The Rays might have found another starting pitcher.
Cesar Ramos, acquired as a relief pitcher in 2011, is getting a second chance in the rotation. With Chris Archer slowed by an oblique injury and little else on the Durham Bulls staff, the Rays have begun the process of stretching Ramos out as a starter in case of an opening–via trade or injury–in the major-league rotation. Ramos started for the Rays once already this season–the second leg of a double-header against the Philadelphia Phillies back in June–and went at least three innings in three other appearances.
As a member of the Padres organization, the left-hander made 50 career starts, two of which came in the majors. Since 2010, he has pitched almost exclusively out of the bullpen, and all 59 of his appearances with the Rays last season came in relief. The organization has a good idea of what Ramos can do in relief; however, there is no harm in giving him a shot in the rotation–especially when the talent pool is shallow at the upper-levels of the system.
Like most left-handed relievers, Ramos failed as a starter in-part because of the platoon split. For his career, he has held lefties to a stellar .214/.293/.268 line, while righties have hit .282/.376/.403. With those numbers, and the repertoire to match, Ramos seemed destined for a career as a left-handed specialist. But seeming improvements this season plant the seeds of optimism.
Last season, right-handed batters hit just .227 in 92 plate appearances against Ramos. Righties weren’t unloading on Ramos, and often they didn’t have to. He walked 16 of them–five more than he struck out–good for a .359 on-base percentage.
The bulk of Ramos’ struggles against right-handers came to his glove side–or the inner half to righties. Most of his hits allowed came on pitches middle-in, and he could not locate the inside fastball for a strike. Of the middle-in fastballs he threw, around 20 percent were called strikes.
This season, the results are different. Thus far in 24 innings of work, he has held righties to a .122/.234/.195 line with a 2:1 strikeout-to walk ratio. He continues to excel against lefties (.196/.275/.196), punching out 11 and walking just three.
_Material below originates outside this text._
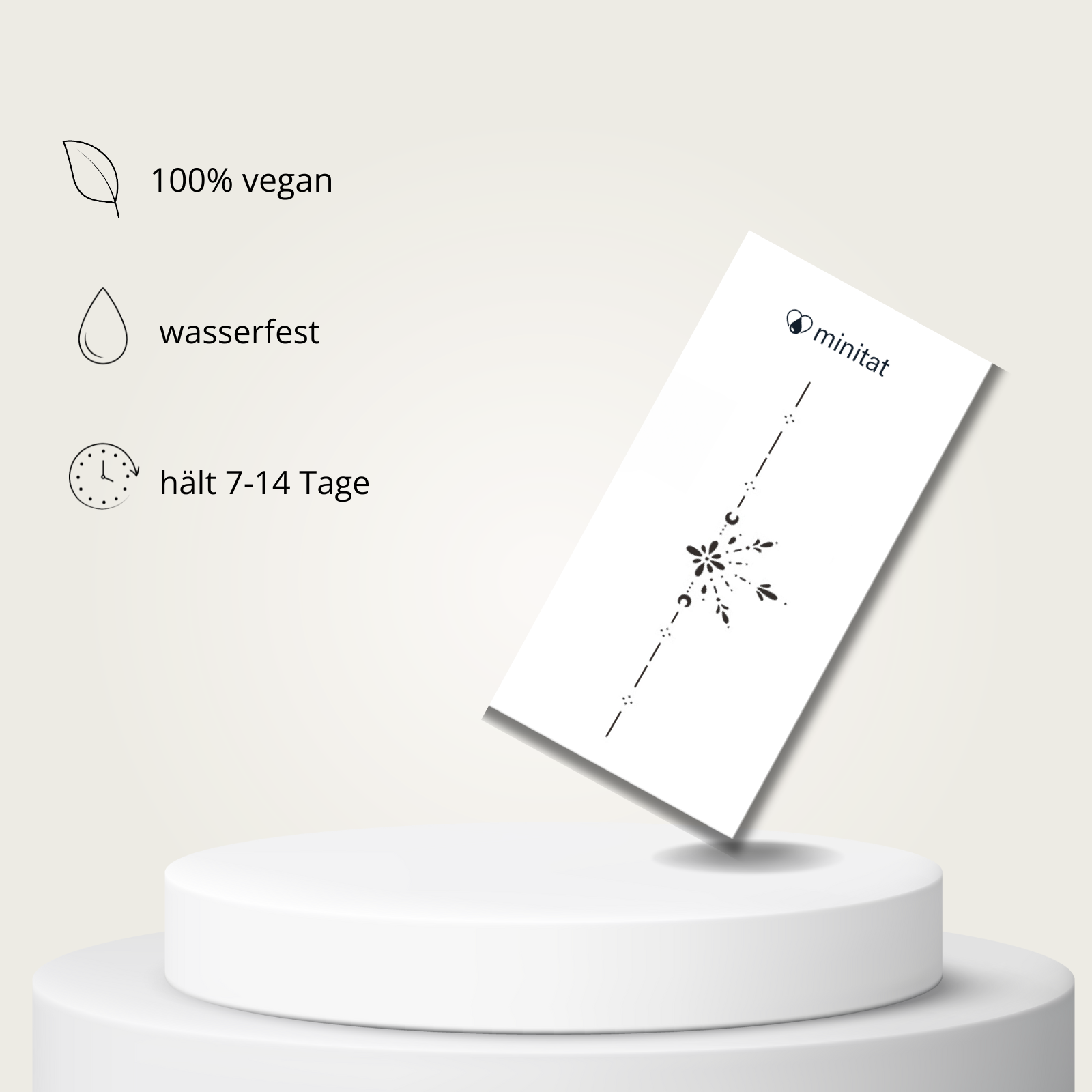 Dein minitat Tattoo ist, abhängig von der Position am Körper, 7-14 Tage sichtbar.

Ramos now owns the middle-in portion of the zone going against the platoon split. Righties are having less success hitting middle-in pitches, and the 28-year-old is spotting the fastball with ease. His called strike rate on middle-in pitches is a tick over 40 percent this season.
So what’s the difference?
Perhaps a coincidence, but like Fernando Rodney, it appears as if Ramos has altered his position on the rubber. The change is not as extreme as Rodney, who shifted sides, but even a small adjustment could have some impact. Look closely at the image below…
At first glance, there appears to be no change. Now look closer at the toes on Ramos’ back foot. On the left (2011), you will notice his toes are aligned with the end of the rubber. On the right (2012), his feet are more centered and there are a few inches between toe and the end of the rubber.
In his last major-league outing, Ramos struck out six batters in four innings, subbing for an injured Alex Cobb. In his first start for Durham, he went five innings, allowing two runs, and striking out three. He needed just 64 pitches to complete the five frames.
Armed with a low-90s fastball,, a changeup for righties, a slider for lefties, and curveball for both, Ramos has enough pitches to be a starter. He also keeps the ball on the ground which helps limit extra-base hits. Maybe his improvement versus right-handers is a serendipitous discovery. Or maybe a small move on the mound has led to a big change in fastball command.
Whatever the reason, if Ramos can sustain success against right-handers while maintaining his dominance versus fellow lefties, his value may be much greater than a platoon specialist. Even if the starting experiment does not go as planned, the Rays still have a versatile reliever under team control for several years.